Khazaeni Kamran, Rasoulian Bashir, Sadramanesh Elahe, Vazifeh Mostaan Leila, Mashhadi Leila, Gholami Golnaz
Department of Otorhinolaryngology Head and Neck Surgery, Mashhad University of Medical Sciences, Mashhad, Iran.
Sinus and Surgical Endoscopic Research Center, Mashhad University of Medical Sciences, Mashhad, Iran.
Iran J Otorhinolaryngol. 2022 Mar;34(121):83-88. doi: 10.22038/IJORL.2022.51069.2717.
Patotidectomy is the treatment of choice for superficial parotid gland lesions. The present study aimed to assess the facial nerve status, as well as peri-and postsurgical complications, in two surgical techniques (antegrade and retrograde) for parotidectomy.
This study was conducted on 56 patients diagnosed with parotid neoplasms from 2013-2015. The patients were randomly assigned to two groups of antegrade and retrograde. In the retrograde group, the dissection was performed initially to expose the facial nerve branches, while in the antegrade approach, the facial nerve trunk was exposed initially. Different values, such as intraoperative bleeding, mass characteristics, and the time for different sections of the surgery, were noted. The facial nerve was examined after the surgery; moreover, hospital stay and drain removal time was also noted.

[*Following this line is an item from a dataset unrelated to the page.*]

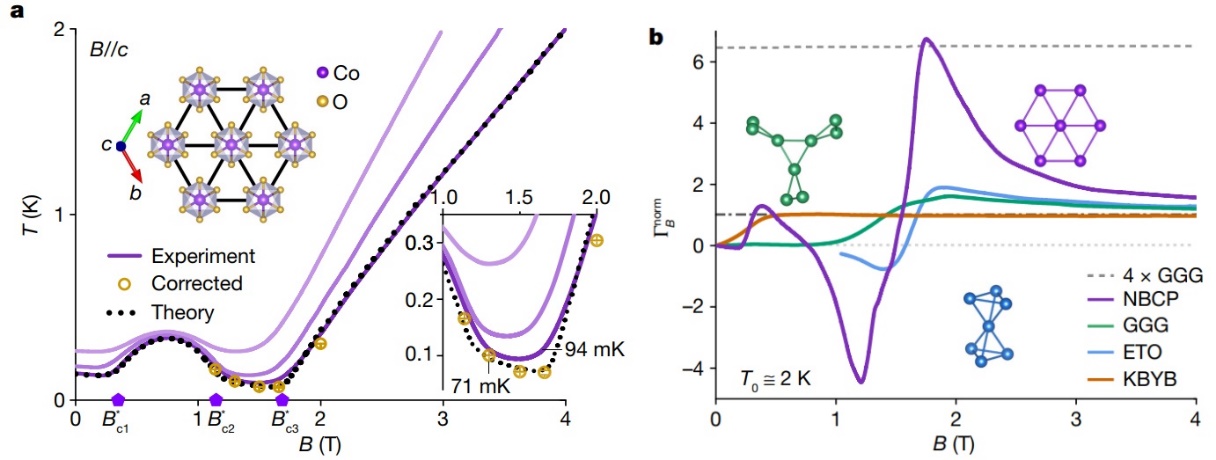 2019年,美国普林斯顿大学研究团队发现了新型钴基三角晶格磷酸盐Na2BaCo(PO4)2。前期研究观察到该材料中存在很强的低能自旋涨落,但其磁基态性质并不清楚。基于量子多体理论计算,理论物理所李伟研究员、物理所万源研究员等人提出,该材料可以由三角晶格易轴海森堡模型很好地描述,并推测其中有可能存在兼具自旋固态和自旋超流体特征的“自旋超固态”。针对这一关键科学问题,金文涛课题组合成出克量级的高质量Na2BaCo(PO4)2单晶样品,并与物理所项俊森博士、孙培杰研究员团队合作,利用高精度绝热温变测量器件,开展了极低温下的热力学和磁卡效应测量。通过绝热去磁过程,发现在自旋超固态量子临界点附近,该材料的温度急剧下降,可以到达94 mK的最低制冷温度(图1)。磁场驱动的温度下降速率(格林奈森参数)呈现出很高的尖峰,其峰值高度是目前通用制冷工质Gd3Ga5O12的四倍。由于其卓越的制冷性能来自于自旋超固态下强烈的量子自旋涨落,因此该效应可被称为自旋超固态巨磁卡效应,这是一种全新的制冷原理。

During the six-month postoperative period, complications and squeals were also noted.
Based on the results, antegrade nerve dissection was performed in 24 patients, while retrograde nerve dissection was carried out in 25 patients. The two groups were compared for intraoperative bleeding, drain output, and drain removal time. Hospital stay was found to be statistically higher in the retrograde group (P<0.05). Other complications and morbidities, such as facial nerve trauma, sialoceles, salivary fistulas, Frey's syndrome, skin sensory changes, and surgery time, were not statistically different (P≥0.05).
As evidenced by the obtained results, retrograde dissection had higher intraoperative bleeding and longer hospital stay. It seems that skin flap dissection is more extensive in retrograde dissection, leading to more bleeding in this approach. These differences, although statistically significant, are not clinically important; consequently, surgeons' experience and knowledge about the two approaches are of utmost importance.
腮腺浅叶切除术是治疗腮腺浅叶病变的首选方法。本研究旨在评估两种腮腺切除手术技术(顺行和逆行)中面神经的状况以及手术中和手术后的并发症。
本研究对2013年至2015年诊断为腮腺肿瘤的56例患者进行。患者被随机分为顺行组和逆行组。在逆行组中,首先进行解剖以暴露面神经分支,而在顺行组中,首先暴露面神经主干。记录术中出血、肿块特征以及手术不同阶段的时间等不同数值。术后检查面神经;此外,还记录住院时间和引流管拔除时间。在术后六个月期间,也记录并发症和后遗症。
结果显示,24例患者进行了顺行神经解剖,25例患者进行了逆行神经解剖。比较两组的术中出血、引流量和引流管拔除时间。发现逆行组的住院时间在统计学上更高(P<0.05)。其他并发症和发病率,如面神经损伤、涎囊肿、涎瘘、Frey综合征、皮肤感觉改变和手术时间,在统计学上无差异(P≥0.05)。
结果表明,逆行解剖术中出血更多,住院时间更长。似乎逆行解剖中皮瓣分离更广泛,导致该方法出血更多。这些差异虽然在统计学上有显著意义,但在临床上并不重要;因此,外科医生对这两种方法的经验和知识至关重要。